Bengt-Inge Dalenbäck of Sweden developed CATT-Acoustic. Although Dalenbäck has been involved with acoustics since 1981, his company, Computer-Aided Theater Technique (CATT) initially focused on software for lighting and theater decor design. Its first software, CATT-Lighting, was released in 1986, followed by CATT-Decor in 1987, and then CATT-Acoustic in 1988. CATT-Lighting was based on tracing rays defined by spotlight limits, but CATT-Acoustic was initially based on an image-source method. All three of these programs were implemented for the Commodore Amiga computer. In 1990, CATT-Acoustic for MS-DOS was released, and CATT-Lighting and CATT-Decor were discontinued. The first CATT-Acoustic version for Windows was released in 1996.The article looks at CATT Version 9.0, which was released July 5, 2011 (latest update v9.1d Nov 6, 2018).
CATT-Acoustic features The Universal Cone Tracer (TUCT) analysis engine. TUCT uses several different algorithms for prediction, depending upon the specific room being modeled, and addresses the shortcomings of the original randomized tail-corrected cone-tracing (RTC), a method Dalenbäck developed. TUCT excels in auralization of open spaces and rooms having flutter echo problems, as well as large venues having high absorption. For these spaces it uses an algorithm that is not based on randomizing the direction of diffuse rays. Instead, it literally splits up rays into many diffuse sub-rays that continue to propagate.
TUCT avoids one of the long-standing limitations of acoustical modeling programs based on geometrical acoustics by optionally including early reflection diffraction in its calculations (for one or two edges in a reflection path as well as specular-to-diffracted and diffracted-to-specular combinations).
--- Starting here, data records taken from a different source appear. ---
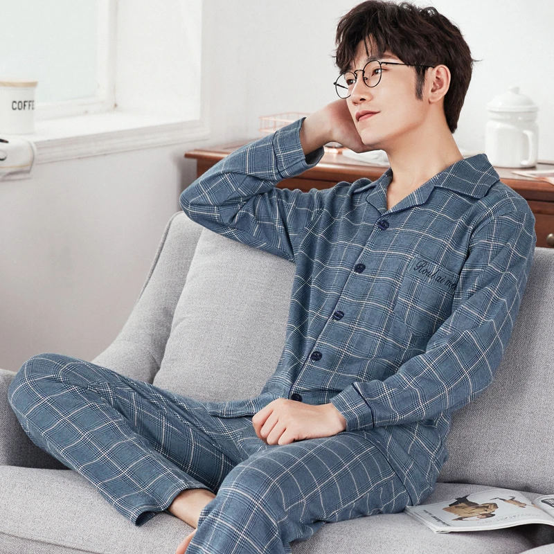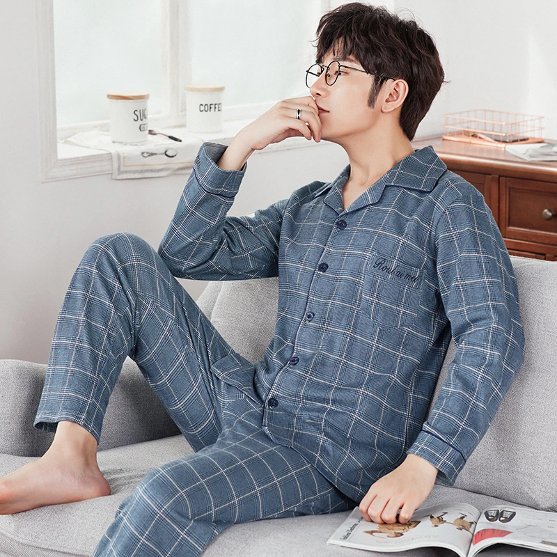 Осень Длинный натуральный хлопок пижамный комплект для мужчин Удобная Пижама пижамы, мужские сексуальные спортивные шорты современный Стиль мягкие уютные размера плюс одежда для сна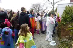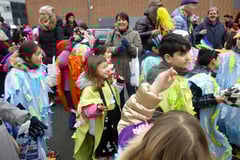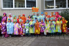 Auf dem Schulhof wurden die bunten Vögel noch einmal eingefangen für ein gemeinsames Foto und dann ging es los zum großen Karnevalsumzug.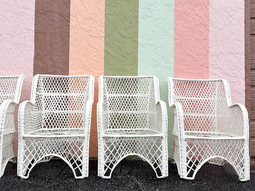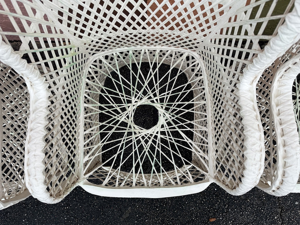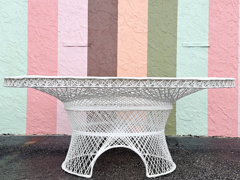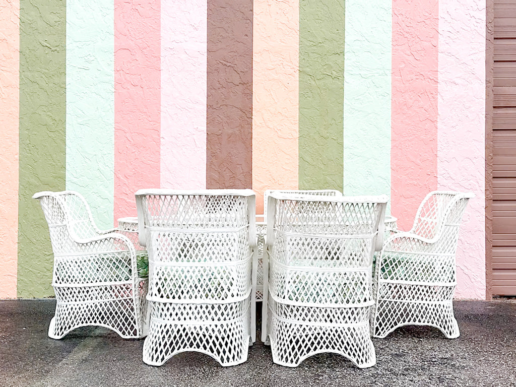 All pieces are sold in nice as found vintage condition. See photos. Dimensions: Table: H-29” W-45.5” L-74”Chairs: H-36.5" W-30" L-25.5" Seat H-20" Arm H-26.5"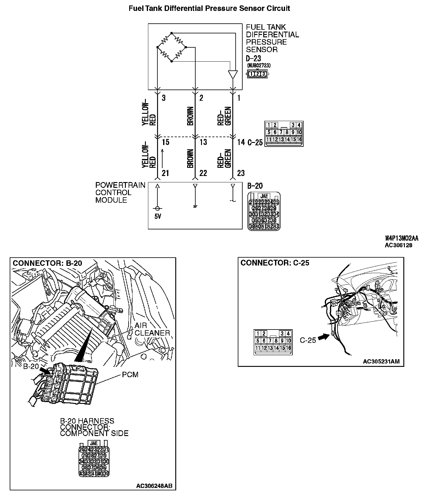 STEP 13. Check PCM connector B-20, intermediate connector C-25 and fuel tank differential pressure sensor connector D-23 for loose, corroded or damaged terminals, or terminals pushed back in the connector.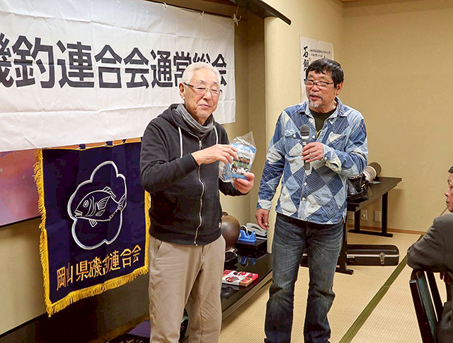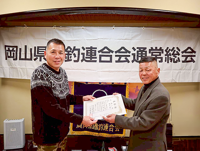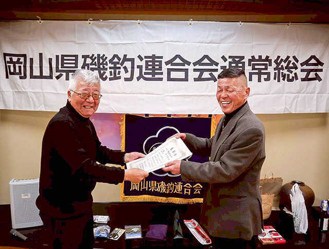 【年間大物賞 石鯛の部優勝 岡山総磯会 片岡会長(左)】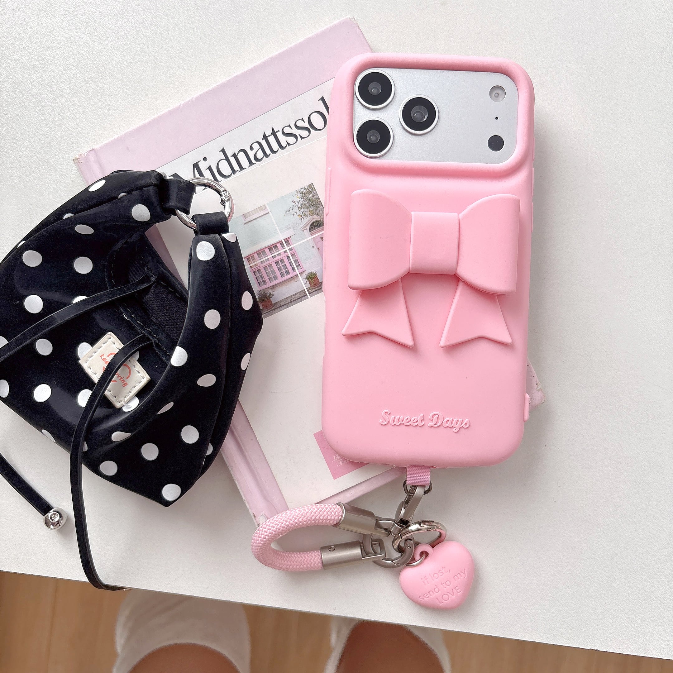 ストラップには可愛い ハート型チャームが付いており、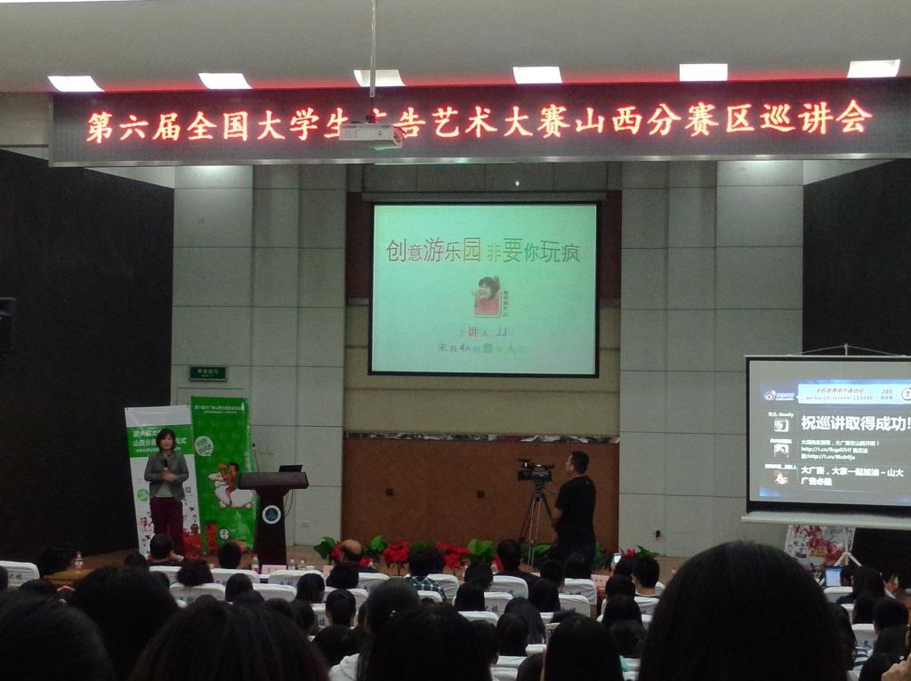 第六届全国大学生广告艺术大赛山西分赛区名家名师校园巡讲山西大学站于2014年5月8日下午14:00在山西大学文科楼报告厅举行。本次活动由全国大学生广告艺术大赛组委会主办,山西大学文学院承办。在重庆时时彩
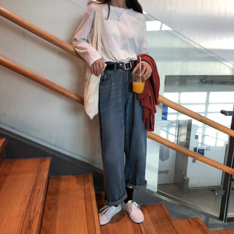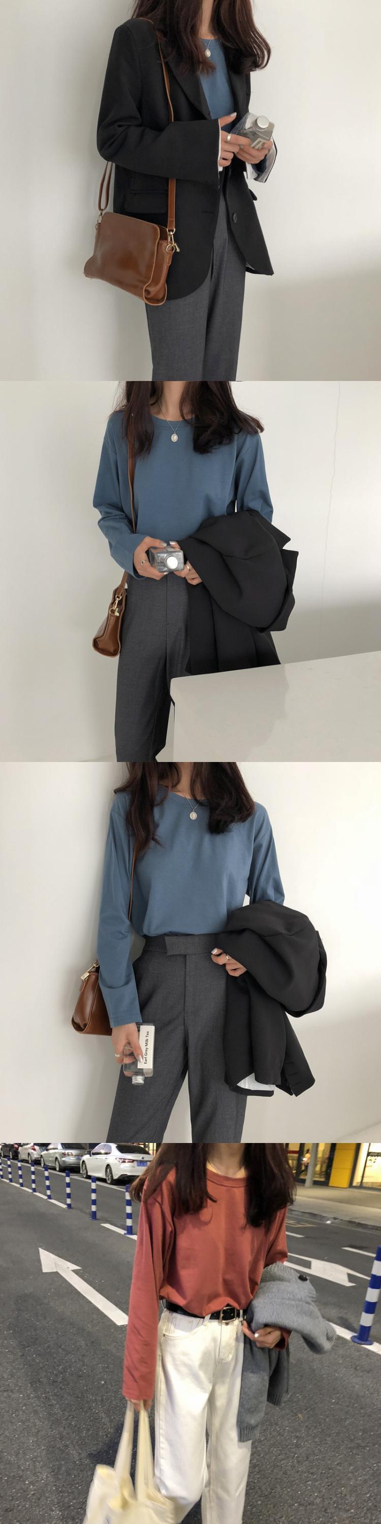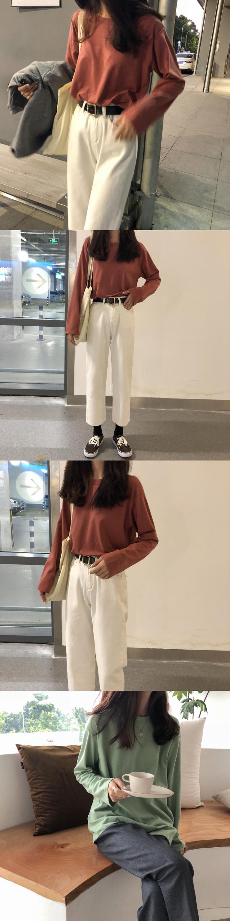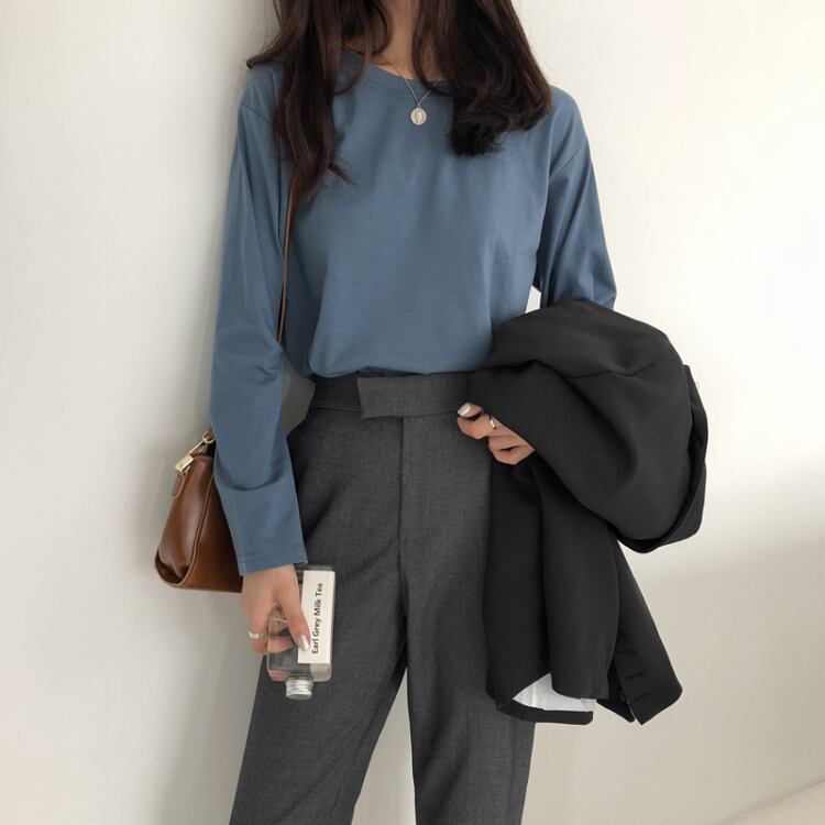 スプリングオータムルーズラウンドネックベーシックソリッド カラーTシャツ トップス レディース ロング 春物 秋物 Oネック ソリッドカラー misskkl14573908368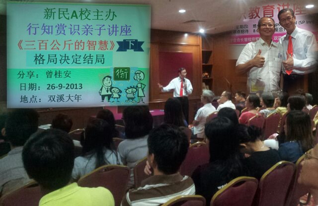13-09-26亲子讲座《三百公斤的智慧》-下 Adeline Lo / September 26, 2013 行知赏识亲子讲座《三百公斤的智慧》(下) “格局决定结局” 日期:2013年9月26日 人数:120 单位:1所 单位名字:双溪大年新民A校-家教协会主办 对象:家长

In some cases, this allows improved accuracy for the predictions: for example, reflections from small surfaces including ceiling reflectors, sound from orchestra pits, or reflections from curved surfaces that are modeled using facets. TUCT calculates the effects of early diffraction using a secondary edge-source method based on a discrete Huygens interpretation of the Biot-Tolstoy approach that has few limitations when used for room acoustics with finite edges, and where infinite length screen formulas are not applicable.